I can't find this product on the web anywhere. Where did you get the recipe?


----------



## chalkdust (Feb 18, 2009)

it is from the excellent cookbook "fine haitian cuisine"

this book can be previewed in google books. sometimes they wil lshow you the konparet recipe, sometimes not

this recipe is only found online in that book preview.

to learn more about haitian cooking i need to meet some haitians or find some online that will talk about it in english. it has a lot of cool stuff in it


----------



## chalkdust (Feb 18, 2009)

could i please have feedback on what style of pastry this is and how its success can be optimized?


----------



## mezzaluna (Aug 29, 2000)

We're hoping a person who knows Caribbean/Haitian food will know.... sometimes patience is the necessary ingredient.


----------



## chalkdust (Feb 18, 2009)

Well we can see that this recipe starts with creaming of butter and sugar, then adding in eggs and honey

there is no milk or water, but there is ginger juice, vanilla extract and alot of grated fresh coconut.

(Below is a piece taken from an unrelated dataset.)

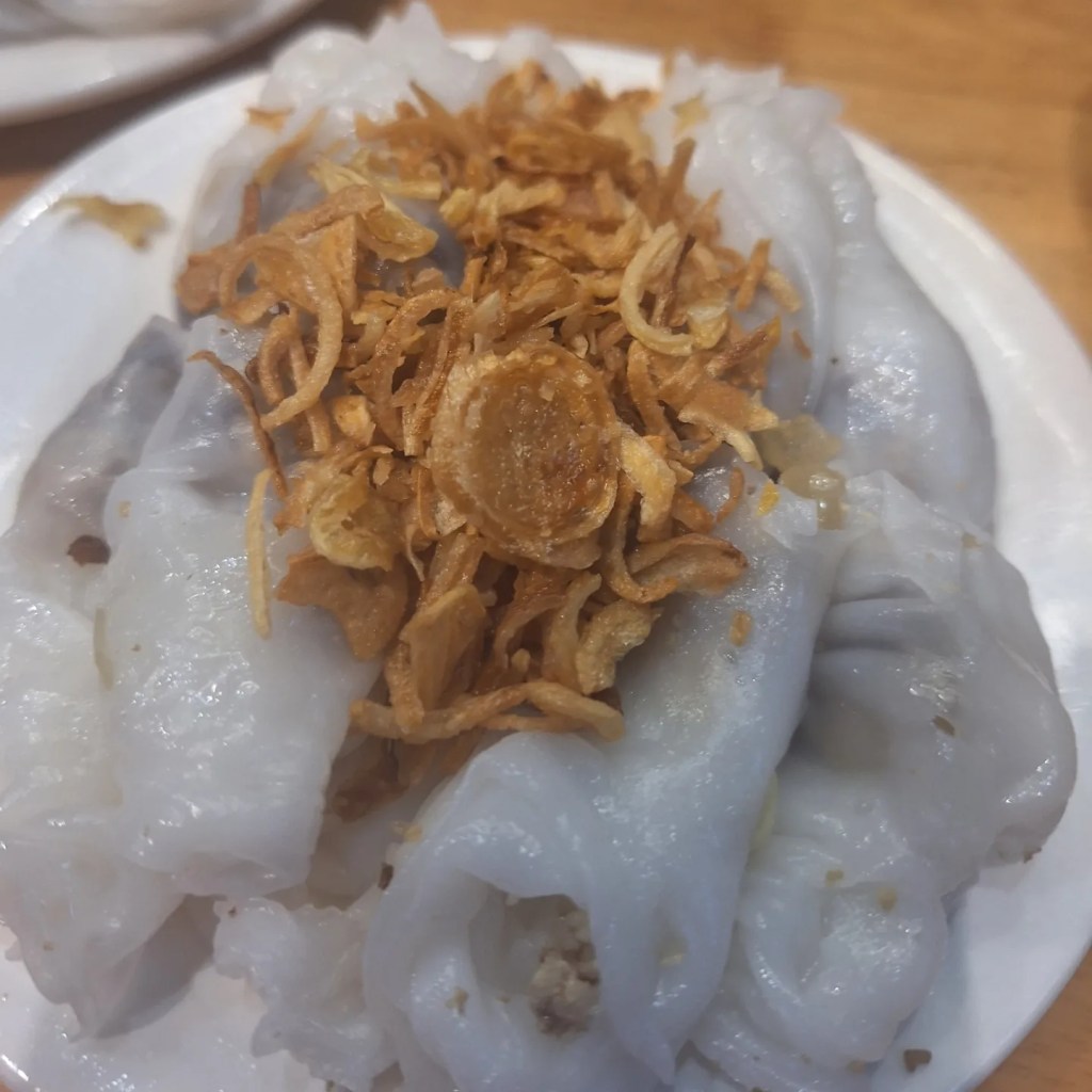 Bánh cuốn – Vietnamese steam rice, originating from Northern Vietnam. It is also a traditional breakfast as it’s not simple to make at home. Main ingredients include rice batter, ground pork, wood ear mushrooms, and fried shallots.

the batter is said to be sticky, my guess it will be relatively firm, not pourable, but moldable.

so im wondering about kneading, mixing and rest tiems and temperatures.

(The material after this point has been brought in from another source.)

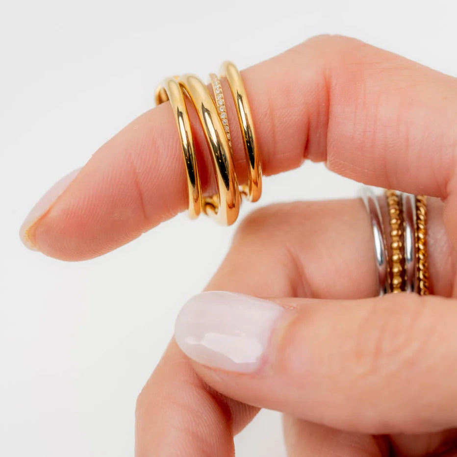 Expertly crafted with a trendy stacked spinning design, the Everly Stacked Ring adds a touch of elegance to your everyday ring look. Made with a water-resistant band and accented with a diamond cz band, this ring is both stylish and versatile. Wear it with confidence and style.

the butter and eggs will be room temperature. what about the coconut.

is this correct?

my guess is kneading and rest times will be light and hardly there. into the oven immediately?


----------



## dillonsmimi (Dec 2, 2009)

I would add the flour after all your mixing is done. Fold in until absorbed, and don't work it too much or your product will most likely be tough. The rest looks good, coconut will give up a bit of moisture as you are grating a fresh one. Almost like a donut recipe? Maybe a light glaze?


----------



## chalkdust (Feb 18, 2009)

light glaze! great idea! thanks!


----------



## dillonsmimi (Dec 2, 2009)

I was looking at your recipe again. Maybe a short rest after mixing. That will give your dough a bit of time to marry flavors. IMO almond EXTRACT is a bit strong. BDL will post a mild chide, but check with your pastry provider and cage a bit of almond oil and only use a drop or two. (actually my pantry contains some emulsions from LorAnn and my almond of choice is their amaretto oil) I kinda like the recipe flavor profile. Post any problems if needed and post when you love it so much ya gotta tell someone.


----------